* [Work to complete]
Only text lines belong in the answer: the lines from the first one in the records through the line with "ホテルの向かいの広場では、なんらかの集会で雨の中、すごい人、人、人!わ...", copied exactly.

(Stored data entries)

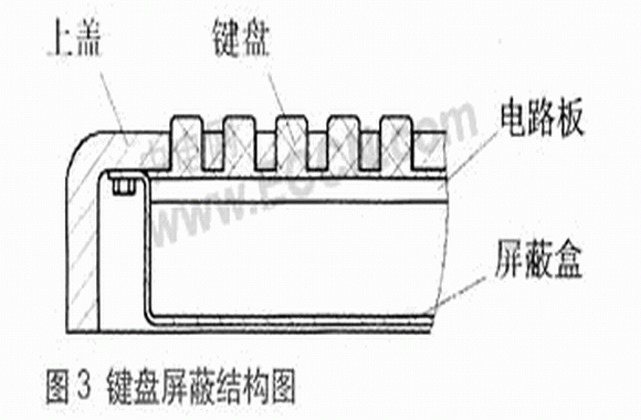 本終端鍵盤采用硅橡膠專用鍵盤,安裝在上蓋表面,開口較多,易引起電磁泄漏,降低屏蔽效能。因為孔縫對電磁波的衰減與干擾波波長及孔縫尺寸有關,一般應使孔洞的尺寸遠小于電磁波的波長,只要孔縫的直徑足夠小,就能夠達到所要求的屏蔽效能。但一般按鍵的大小、排列應符合人們的操作習慣,按鍵太小使用不方便,故這里主要采取安裝屏蔽罩的方法來減少電磁泄漏。鍵盤的屏蔽結構設計如圖3所示。
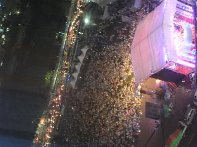 ホテルの向かいの広場では、なんらかの集会で雨の中、すごい人、人、人!わ...
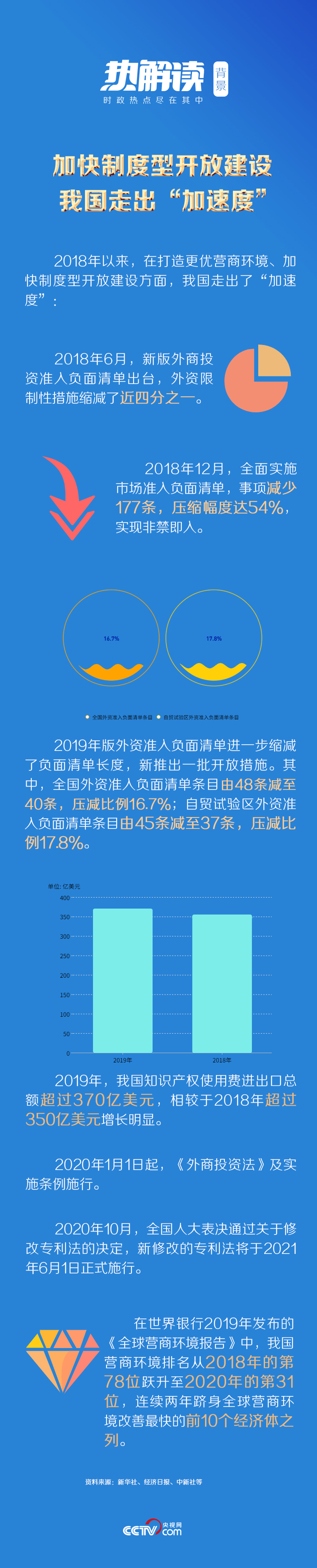 聚焦投資、貿(mào)易、金融、事中事后監(jiān)管等領(lǐng)域,浦東率先構(gòu)建與國(guó)際通行規(guī)則接軌的制度體系,形成了外商投資負(fù)面清單、國(guó)際貿(mào)易“單一窗口”等一批基礎(chǔ)性和核心制度創(chuàng)新——328項(xiàng)制度創(chuàng)新成果復(fù)制推廣到全國(guó);外商投資負(fù)面清單,從2013版的190條減少到2020版的30條;目前上?诎100%的貨物申報(bào)、全部的船舶申報(bào)和出口退稅業(yè)務(wù)都已通過“單一窗口”辦理……
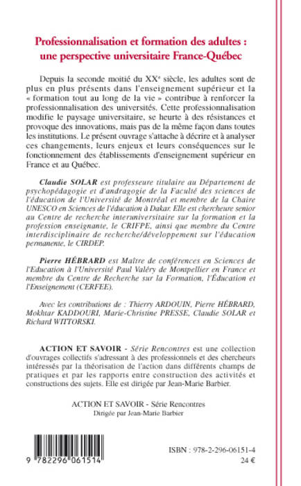 Professionnalisation et formation des adultes, une perspective universitaire France-Québec
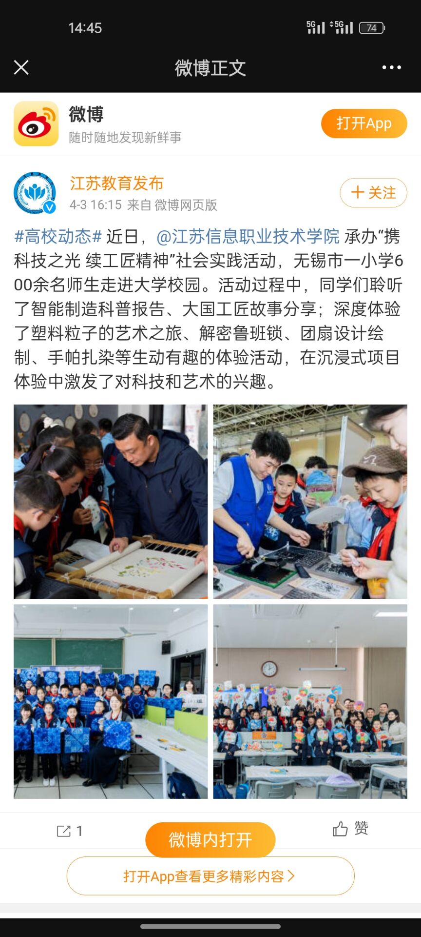 江苏教育发布:近日江苏信息职业技术学院 承办“携科技之光 续工匠精神”社会实践活动。
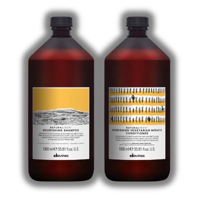Davines NaturalTech Nourishing Shampoo - (33.8 oz) & Davines Nourishing Vegetarian Miracle Mask - (33.8 oz) LITER DUO SET
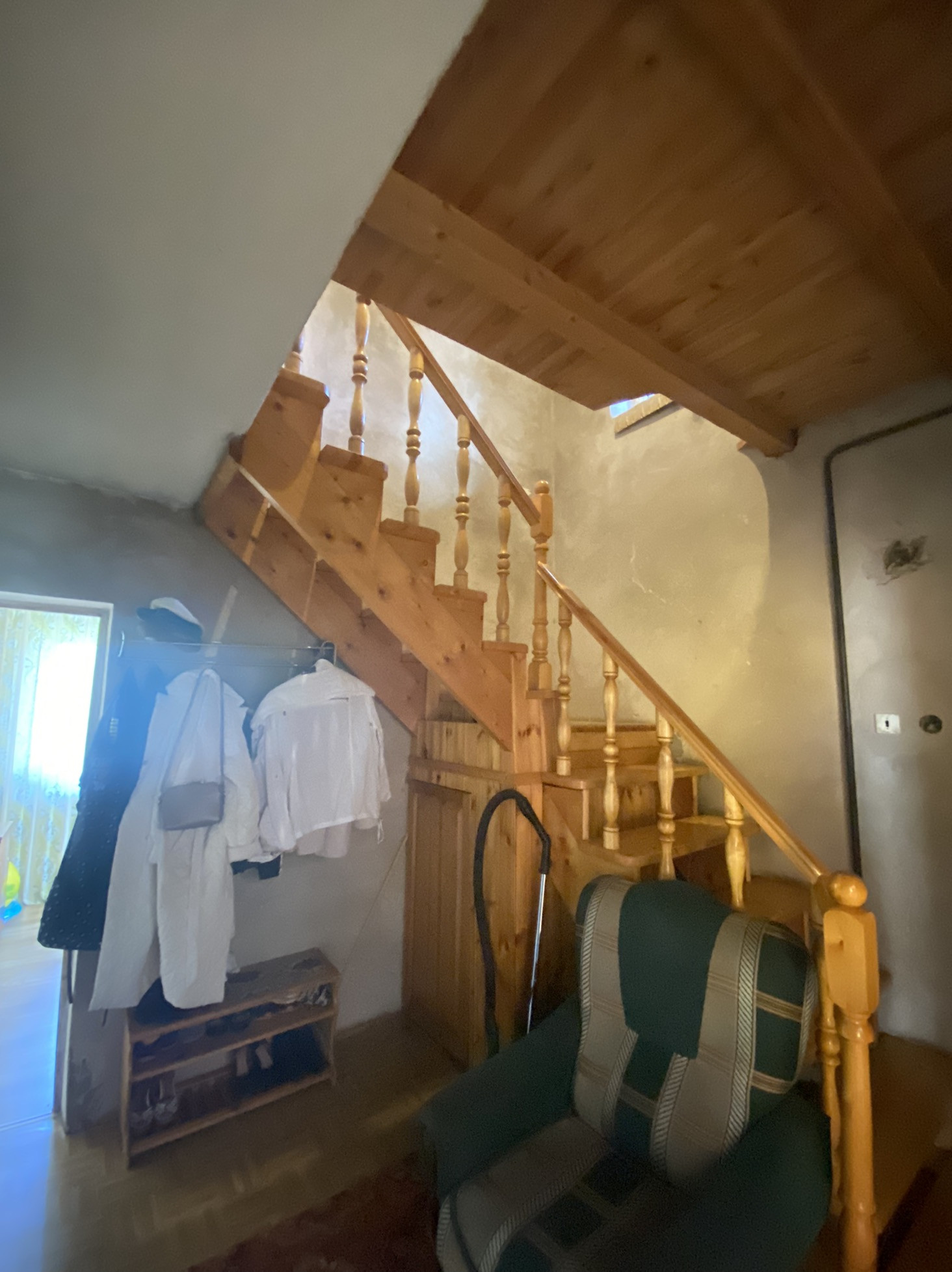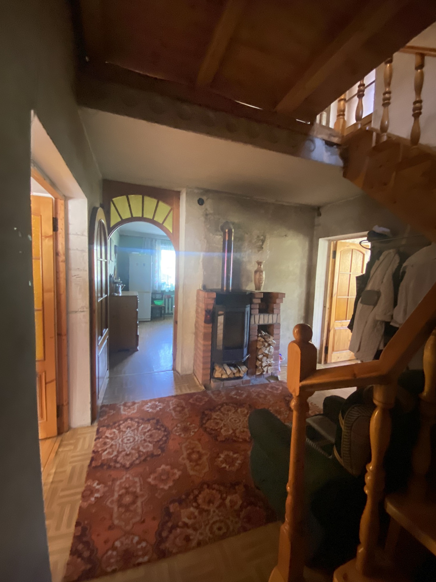 На втором этаже: расположены 3 комнаты (12.8, 13,4 и 9 кв.м), все изолированы. Комната 22.7 кв.м без ремонта с выходом на 3 этаж под крышей.

* [Answer to the problem]
 本終端鍵盤采用硅橡膠專用鍵盤,安裝在上蓋表面,開口較多,易引起電磁泄漏,降低屏蔽效能。因為孔縫對電磁波的衰減與干擾波波長及孔縫尺寸有關,一般應使孔洞的尺寸遠小于電磁波的波長,只要孔縫的直徑足夠小,就能夠達到所要求的屏蔽效能。但一般按鍵的大小、排列應符合人們的操作習慣,按鍵太小使用不方便,故這里主要采取安裝屏蔽罩的方法來減少電磁泄漏。鍵盤的屏蔽結構設計如圖3所示。
 ホテルの向かいの広場では、なんらかの集会で雨の中、すごい人、人、人!わ...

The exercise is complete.